The Corey Robin item I linked earlier contains what is probably a common thought about the left wonkosphere:
This is a challenge to the left…the left that’s like, well, me: the academics, the writers, the bloggers, the journalists, the think tankers, the kibbitzers. The people who talk too much…
Have you ever organized a majority, even a plurality, of your co-workers—in an academic department, at a newspaper, in a think tank, at the little non-profit where you work—to confront the boss, whoever that might be, in such a way that all of your jobs were put into jeopardy?
If you haven’t, I ask you to imagine doing that. Not for the sake of you and your co-workers’ immediate well-being but for the sake of a larger collective good: a single-payer health care system, let’s say, or an end to adjunct labor, the elimination of capitalism, whatever.
Chris Mooney got a lot of attention a while back with his book The Republican Brain, which postulated deep personality differences between liberals and conservatives as part of the reason the GOP is so invested in science denial. Setting aside the more controversial parts of that thesis (which I’d say is at least partly true), I’d say there is something similar happening between organizers and wonks.
I’m not a fervent believer in Jungian personality tests, but at least from my own experience the profiles seem reasonably accurate. For example:
The INTP [my particular result–RC] is above all a thinker and his inner (private) world is a place governed by a strong sense of logical structure. Every experience is to be rigorously analysed, the task of the INTP’s mind is to fit each encountered idea or experience into a larger structure defined by logic. For here is the central goal of the INTP: to understand and seek truth. The experience of anything takes a back seat. The INTP is not interested in experiences themselves but is far more fascinated by concepts…
They tend to believe that information is the key to life. All mistakes can be avoided by having the right information at the right time. This has at least a certain logic about it. Where they differ from other temperaments (especially from SP types) is that a large gap may exist between knowing and doing. To know is everything, to do is a lower order necessity, if it is necessary at all. This breeds the potential for lazy aloofness…
If an INTP speaks, he must be listened to, for he believes his spoken opinions to be important. If not, he withdraws (at least in spirit) and assumes that the people who do not listen lack intelligence. Hence, INTPs make very poor leaders, for they depend too much on the attitudes of others. This is one of the negative sides of the Ne function. INTPs tend to jump to intuitive conclusions, can be fatalistic and have little perseverence. On the other hand, they can make very good assistants to leaders, provided they and the leader are of one mind, for their perceptive analysis can give the leadership useful insights which they may overlook, being too busy with leading. Indeed, INTPs are often glad when someone else takes over the lead, again providing the leader is of the same mind.

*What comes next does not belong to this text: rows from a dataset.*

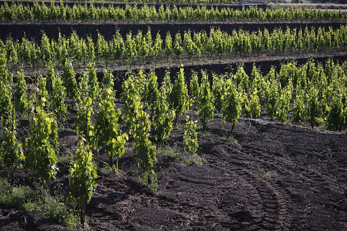 西西里島是意大利重要的葡萄酒產(chǎn)區(qū),其東岸坐落著埃特納(Mount Etna)活火山,噴發(fā)產(chǎn)生的火山巖經(jīng)人力破碎或風化后,成為西西里島產(chǎn)區(qū)典型的種植土壤?;鹕酵镣ǔ0鋷r、灰質(zhì)土以及其他火山巖的風化碎片,土壤多孔,排水性和蓄水性良好,能儲存和反射熱量,種植的葡萄樹生長態(tài)勢良好,果實成熟度佳。此外,火山土中礦物質(zhì)含量較高,含有鎂、鐵和鉀等多種元素,常被認為能給葡萄酒帶來煙熏、鐵銹和礦物味。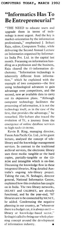 Informatics Has To Be Entrepreneurial (Computers Today, March 1992)
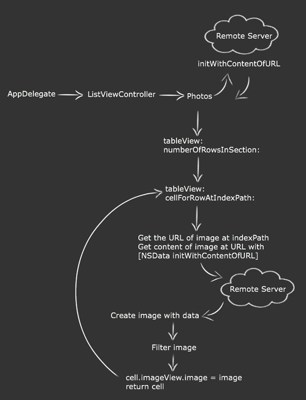 在工程的初步模型中,你有一个由字典作为其数据来源的table view。字典的关键字是图片的名字,每个关键字的值是图片所在的URL地址。本工程的目标是读取字典的内容,下载图片,应用图片滤镜操作,最后在table view中显示图片。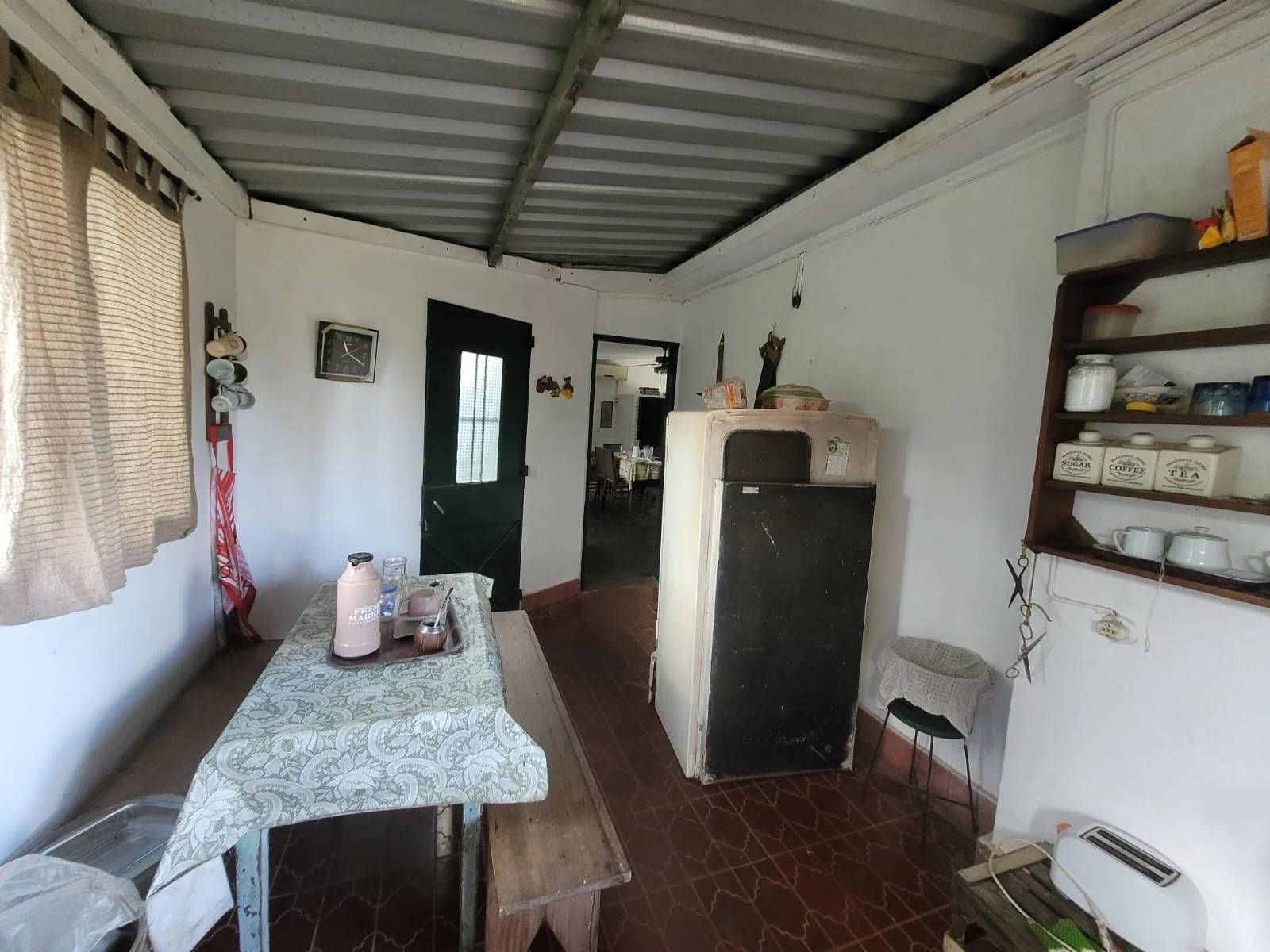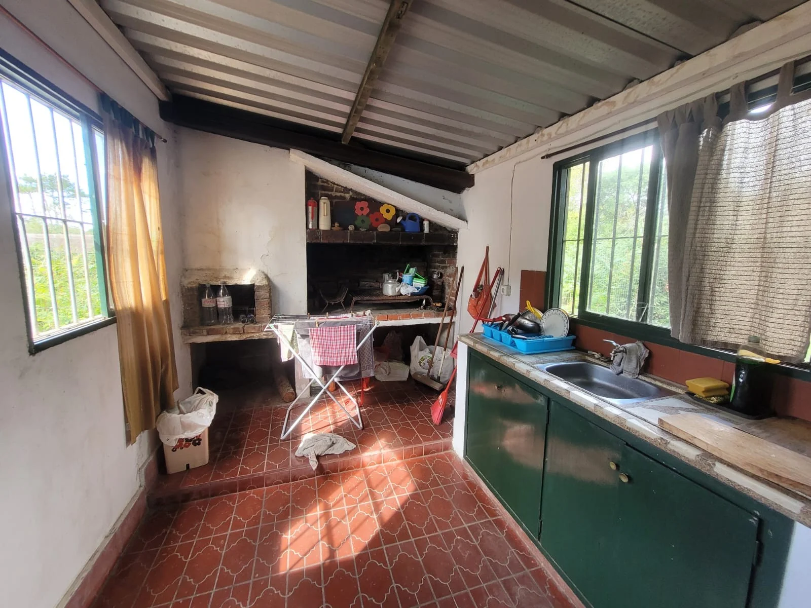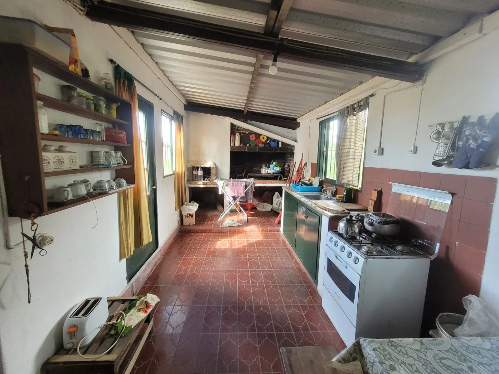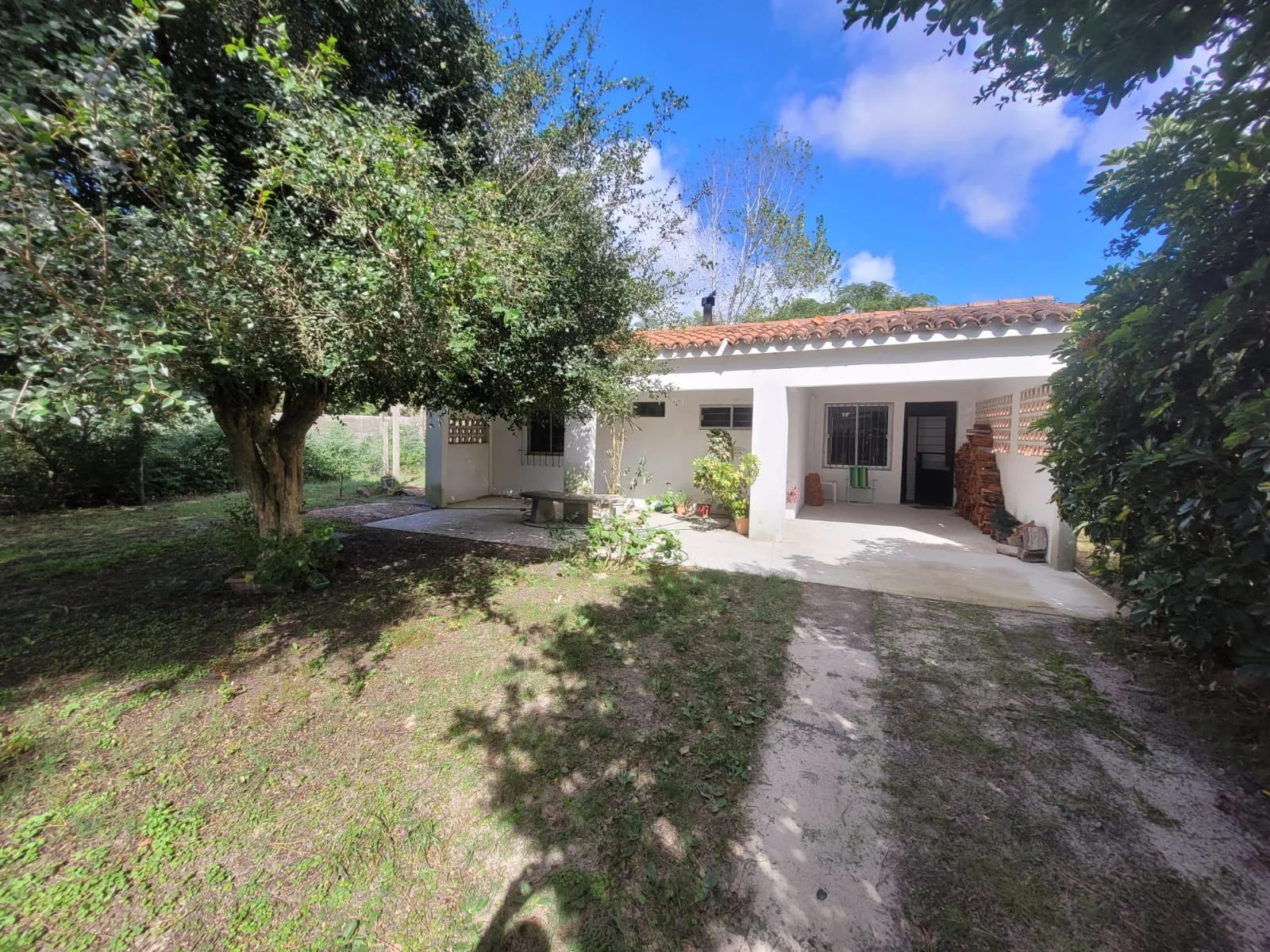 En padron único, casa tipo chalet de tejas, construcción tradicional, 2 dormitorios y 2 baños, uno en suite, amplio living comedor con estufa a leña, cocina con barbacoa integrada. Frente y fondo amplio, cercado. Entrada para auto con cochera. Zona con vecinos permanentes y todos los servicios cerca.

Emphasis mine. Again, I don’t think there’s a quantum mechanics-level of theoretical and empirical precision underlying this kind of stuff, but that does seem to capture my particular strengths and weaknesses fairly closely. This perhaps accounts with the abject failure I experienced nearly every time I tried any sort of organizing (including starting a chapter of Students for Sensible Drug Policy in school and volunteering for Obama in 2008, among other things). Simply put, I strongly disliked the grunt work of political organizing, the knocking on doors, the calling strangers, the arguing with strangers, etc., and wasn’t any good at it.
I can’t know for sure if that is representative of all wonks, but I suspect this kind of sentiment is what lies beneath their lack of interest in organizing their own workplaces, as opposed to a theoretical interest in unions generally. Contra Robin, I don’t think there’s much chance that wonks will ever organize anything, but we could be useful in other circumstances—like I’ve been saying, it is vitally important for people to understand policies correctly in addition to being able to field organizational muscle.